Overview
Research in our group uses theoretical approaches to gain insight into cellular mechanisms in vivo. Our main interests focus on development and regeneration, processes driven by diverse types of stem cells. These stem cell systems nevertheless share essential characteristics, such as the ability to specify and maintain cell fates in dynamic and uncertain environments. We address questions of cell dynamics, signaling, and fate control by mathematical modeling, statistical inference, computational method development, and data analysis. Below are examples of current research directions.
Single-cell analysis of cell state transitions
Information about the signals that are passed between cells (via cell-cell communication) can be directly inferred from data, using e.g. expression of paracrine signaling factors, or can be inferred from models that explore different possible topologies of coupled gene regulation and cell-cell communication networks. By the integration of data with dynamical systems models, it becomes possible to perform parameter inference and model selection at the level of single cells.
Modeling stem cell lineage and signaling dynamics
We perform parameter inference and model selection within a Bayesian framework to appropriately account for our knowledge and uncertainties about these systems, and to be able to predict cell dynamics under new perturbations. Analysis of mechanistic models, in light of data, gives insight into the tightly regulated transcriptional programs that underlie stem cell phenotype. For example, we can investigate how a balance of cell division, differentiation, and migration controls tissue development and regeneration.

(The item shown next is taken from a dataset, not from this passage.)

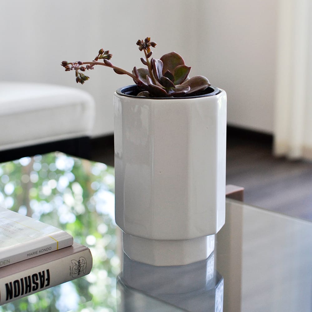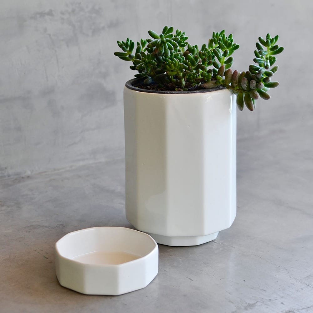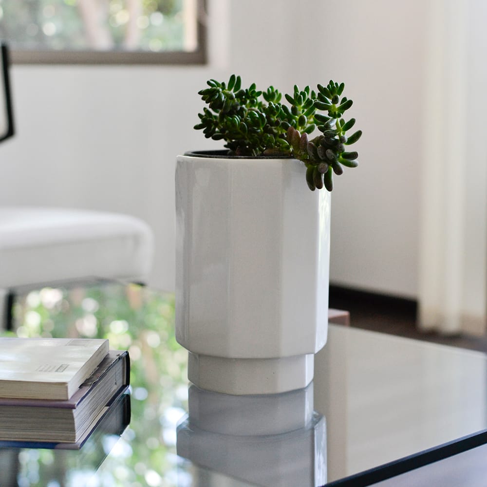Maceta de cerámica color blanco con suculenta. De líneas geométricas y simples, funciona para decorar cualquier espacio ! Incluye contenedor para el drenaje del agua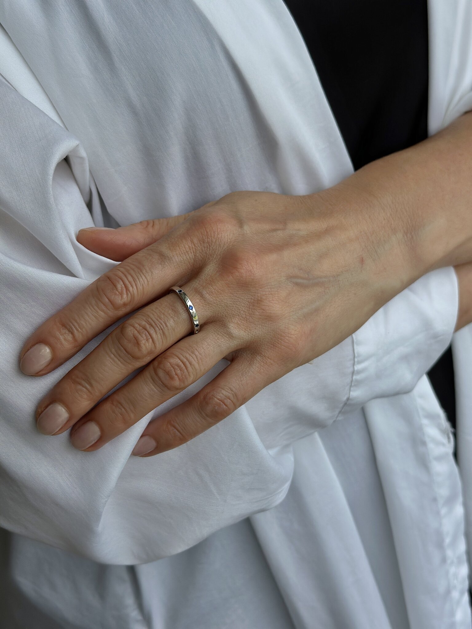 Серебряное кольцо с синими фианитами. Серебро 925. Размер 17.

Multiscale tissue dynamics
We develop individual cell-based models that target specific biological questions. For example, we seek to understand how stem cells interact with niches in 3D space, to predict what factors are crucial to initiate epithelial tissue branching, and to study interactions between the immune system and cancer. These models often contain hybrid components, for example continuous components (PDEs) to describe diffuse factors such as morphogens, and agent-based on/off lattice components to describe the agents (typically biological cells) that interact and are regulated both intrinsically and by the surrounding microenvironment.
Some examples of such multiscale models include kidney branching organogenesis and inflammation-induced tumorigenesis. Simulation times can become prohibitive for high-throughput analyses (e.g. parameter inference) of such models, and so we work on computational methods to improve simulation efficiency and to improve/facilitate Bayesian parameter inference. The overarching goal for each of these models is to be able to predict the emergent tissue-level behavior resulting from dynamic and noisy cell and molecular interaction networks.